On Mon, 19 Apr 2010 14:48:20 -0800, John R. Carroll wrote:

Trading derivatives on an open exchange would cause the market to
work appropriately.
You'd be able to see the Goldman divisions operating in real time.
Investors aren't stupid, they just can't see in the dark.
Transparency is the key. The CFMA of 2000 turned out the lights.

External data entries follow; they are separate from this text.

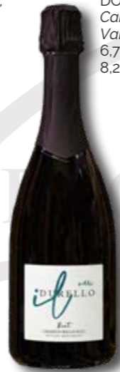
G16479 - 0,75l Durello Lessini Spumante DOC Brut Cantine Soldà, Valdagno 6,72€ (imp.) 8,20€ (ivato)
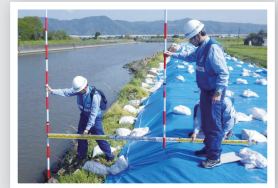
応急復旧箇所の調査
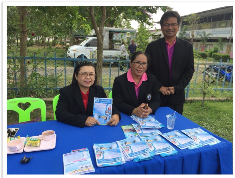
บริการให้ข้อมูลการรับสมัครนักเรียนแก่ผู้ปกครอง
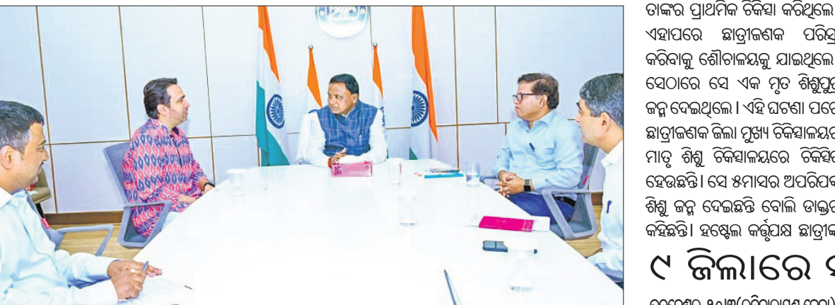
ଲୋକସେବା ଭବନଠାରେ ଗୁରୁବାର ମୁଖ୍ୟମନ୍ତ୍ରୀ ମୋହନ ଚରଣ ମାଝୀଙ୍କୁ କେନ୍ଦ୍ର ଦକ୍ଷତା ବିକାଶ ଓ ଔଦ୍ୟୋଗିକତା ତଥା ଶିକ୍ଷା ରାଷ୍ଟ୍ରମନ୍ତ୍ରୀ ଜୟନ୍ତ ଚୌଧୁରୀ ଆଦିଙ୍କ ସମେତ ଉପସ୍ଥିତରେ ଏହି ଅବସରରେ ଆଲୋଚନା କରିଥିଲେ।
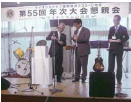
アトラクション抽選
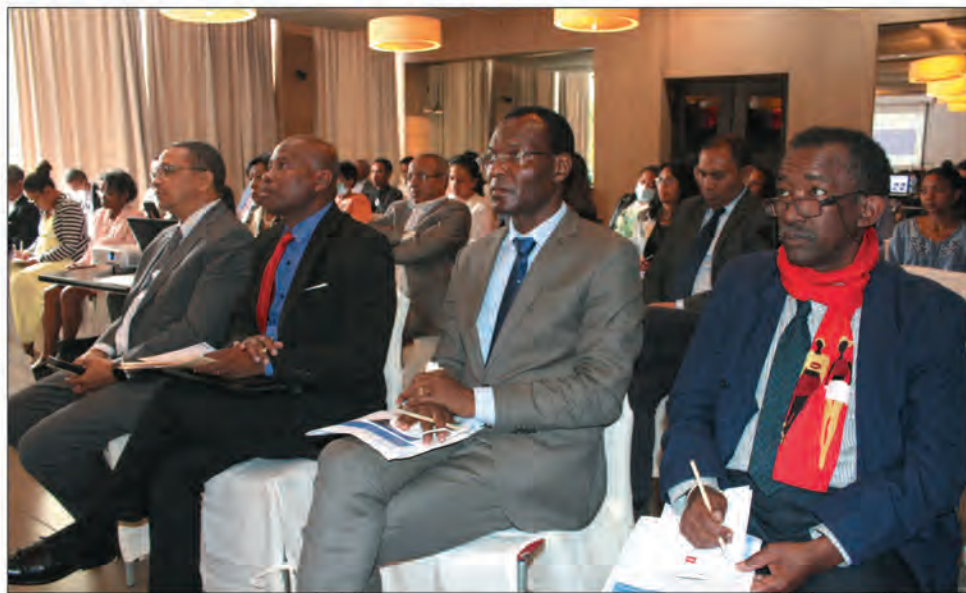
La présentation de la charte pour la promotion de la SST a été effectuée à Ivandry.

rôle central dans l'instauration d'une politique de prévention sur les lieux de travail ». Le groupement affirme également reconnaître « que l'amélioration de la sécurité et de la santé au travail impacte favorablement la qualité, la rentabilité et donc la productivité des entreprises ». À travers la charte, le Groupement des Entreprises Franches et Partenaires sensibilise « les entre-
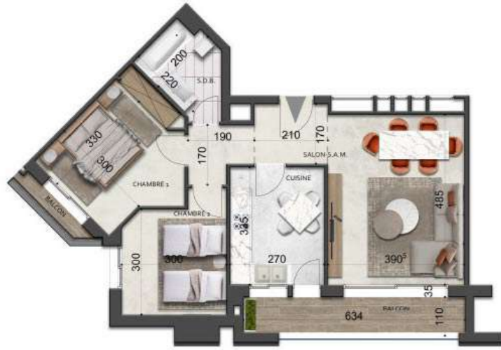
S+2-type-1 98.39m 2
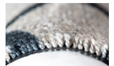
100% PET Recycling
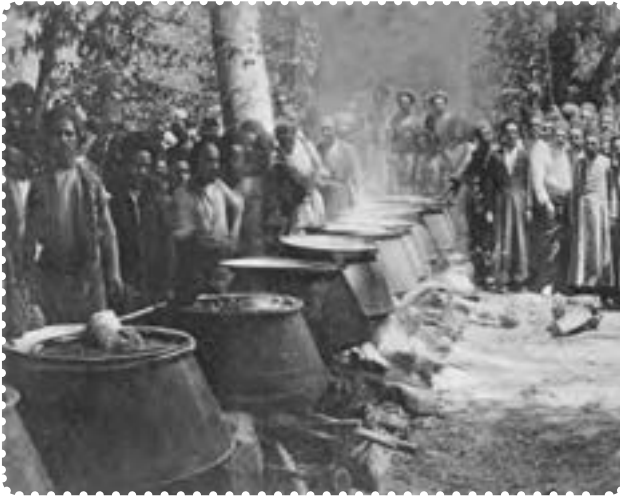
دیگ‌های غذا در سفارت انگلیس برای مشروطه خواهان

بدون پناهندگی به سفارت انگلستان، می‌توانستند به خواسته‌های خود دست یابند. دولت انگلستان بر خلاف دولت روسیه که از دربار حمایت می‌کرد، به ظاهر پشتیبان نهضت مشروطه بود. انگلستان، برای نیل به مقاصد و منافع استعماری‌اش این سیاست را در پیش گرفته بود. اما کسانی که از سیاست پیچیده استعمار انگلستان درک روشنی نداشتند
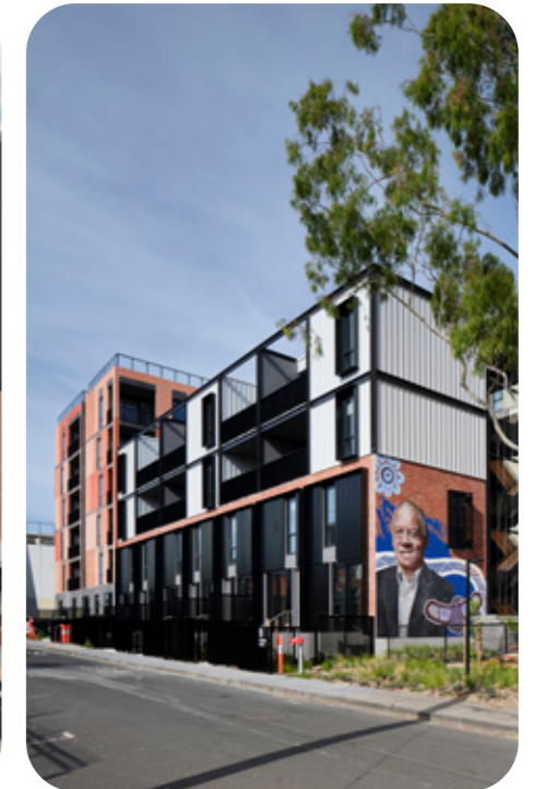
Bangs Street, Prahran
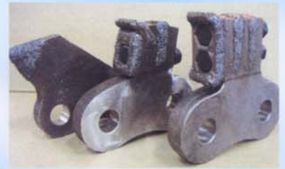
破碎歯は高耐久タングステンカーバイトにより非常に経済的です。
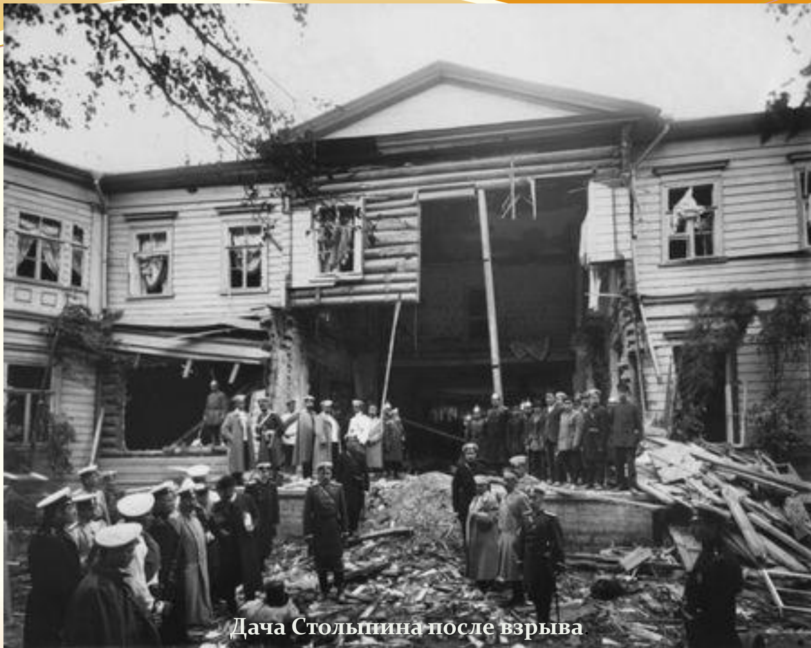
Дача Столыпина после взрыва.
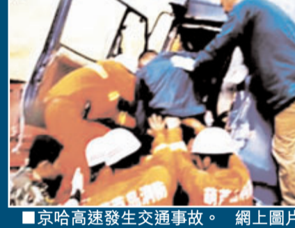
京哈高速發生交通事故。
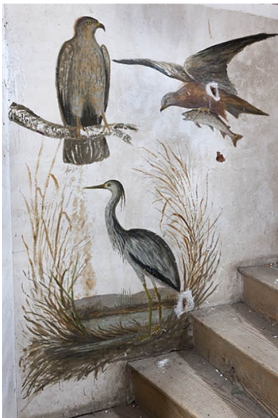
Vue générale des peintures exécutées dans la cage de l'escalier menant au grenier. 70, Faverney, 1 rue Molière
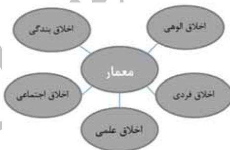
نمودار ۷. جنبه‌های اخلاقی یک معمار اسلامی
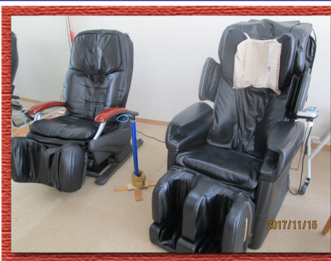
マッサージチェア
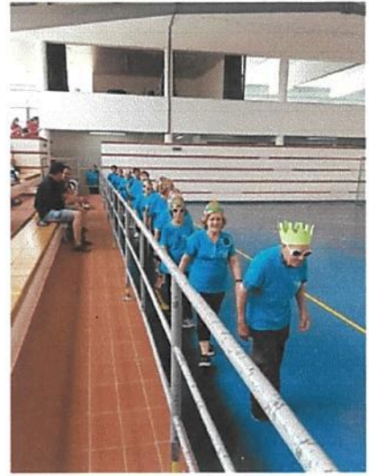
Participação Projeto Viver Sênior
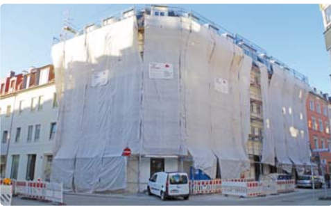
Stadtteilbewohner beklagten über Jahre den Leerstand im „Schnitzelhaus“ an der Holzapfelstraße. Die Stadt verhängte daraufhin gegen die Eigentümer ein Bußgeld wegen Zweckentfremdung von Wohnraum. Wann hier nun Wohnungen beziehbar sind und wer sich die Miete leisten können wird, steht noch nicht fest.

Westend · Die sogenannte Gentrifizierung greift im Westend schon längst. Einige Stadtteilbewohner fürchten durch Modernisierungen und drohende Mieterhöhungen aus dem Viertel verdrängt zu werden. Ein „Beratungs- und Informationsbüro für von Verdrängung bedrohte Bürger“ wurde daher in der diesjährigen Bürgerversammlung an der Schwantalerhöhe gefordert. Das Sozialreferat lehnt die Einrichtung eines solchen Büros jedoch ab und erklärt: „Aus fachlicher Sicht des Sozialreferats ist die Einrichtung eines bzw. ist die Einrichtung mehrerer Informationsbüros nicht notwendig, da bereits jetzt in ausreichendem Maße Möglichkeiten bestehen, diesen Personenkreis beratend zu unterstützen.“
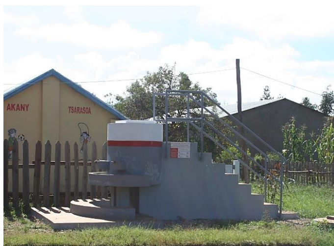
Dispositif de lavage des mains (puits, réserve d'eau et lave main) construit en 2019 par CODEGAZ & HOLCIM Madagascar.
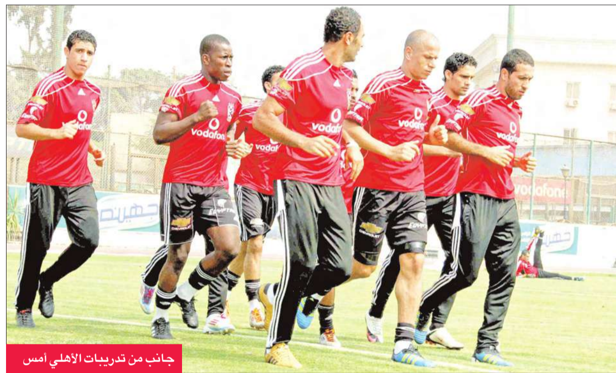
جانب من تدريبات الأهلي أمس
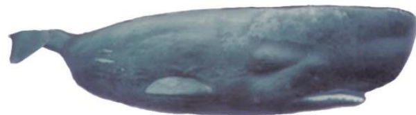
potvis 53 000 kg
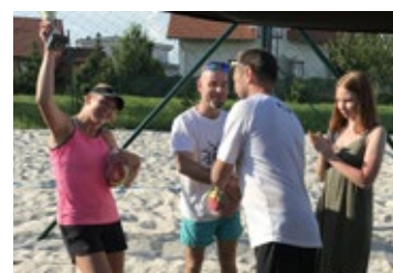
Premiéra Hněvotínského písku dopadla na jedničku
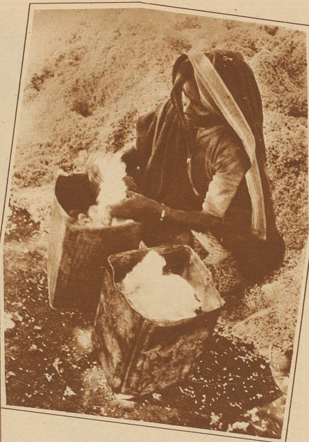
Eine Sortiererin. Ihre Aufgabe ist es, die Qualität der verschiedenen Lieferungen der Rohbaumwolle festzustellen
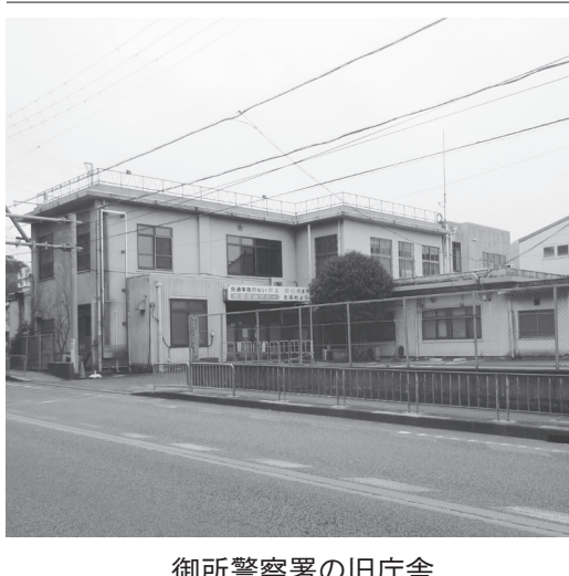
御所警察署の旧庁舎

奈良県警察本部は、次の2件に総合評価落札方式一般競争入札を適用して4月26日に公告した。入札参加申込書を5月16日まで、技術提案書を5月25日まで、入札書及び業務委託費内訳書を6月15日、21日に受け付けて6月22日に開札する。ともに建築士法の規定による一級建築士事務所登録を行っていること。県建設工事等競争 入札参加資格のうち建築設計業務に登録していること。 【高田警察署御所警察庁舎改築工事設計委託第04-10-設号】 近畿圏(奈良県、滋賀県、京都府、大阪府、兵庫県、和歌山県、福井県)に本店または営業所(県に対する競争入札参加資格を有するものに限る)を有すること。平成24年4月1日以降に国・都道府県・

Agreed, even with transparency it may be hard to compete with them.
Do you know that major stock exchanges sell co-location space in
their computer enters, which gives big players who can afford it a,
say, 1ms latency to the transaction stream instead of 1 s that
everybody else sees? Remember the Russian guy who was arrested for
stealing computer code from Goldman Sachs

http://www.wired.com/threatlevel/2009/07/aleynikov/

He was doing this kind of thing. No wonder GS went ballistic, and
FBI obliged.

Warren Buffet has $63 Billion of CDO's. He is asking for the
existing contracts to still be traded off exchange. Well we are for
the law, just exempt us. Nice.


What Buffet is asking is that the rules not be changed retroactively,
on existing contracts. In other words, he is asking Congress not to
make ex post facto laws. If Congress refuses, there will be a
Supreme Court case asking that the constitutional prohibition against
ex post facto laws be enforced.


There won't be a court challenge.
There is no reason Congress can't now impose exchange trading conditions and
if Buffet is concerned, he can dump his position before the law takes
effect. " ex post facto" would only come into play if there was a
requirement now to disclose prior trading activity to the public beyond what
had been required. From what I've seen and read, there is no such condition
in the works and even the old law had settlement and disclosure deadlines
which were just ignored because the requirement was unenforceable. CFMA 2000
specifically prohibited requests for info and if you are denied knoweledge
of specific trades, you can't really claim a failure to disclose because
you'd be claiming a failure to disclose something that was specifically
beyond your ability to know about or inquire after.


Ex post facto (in other words) was one of Buffet's arguments. We shall see.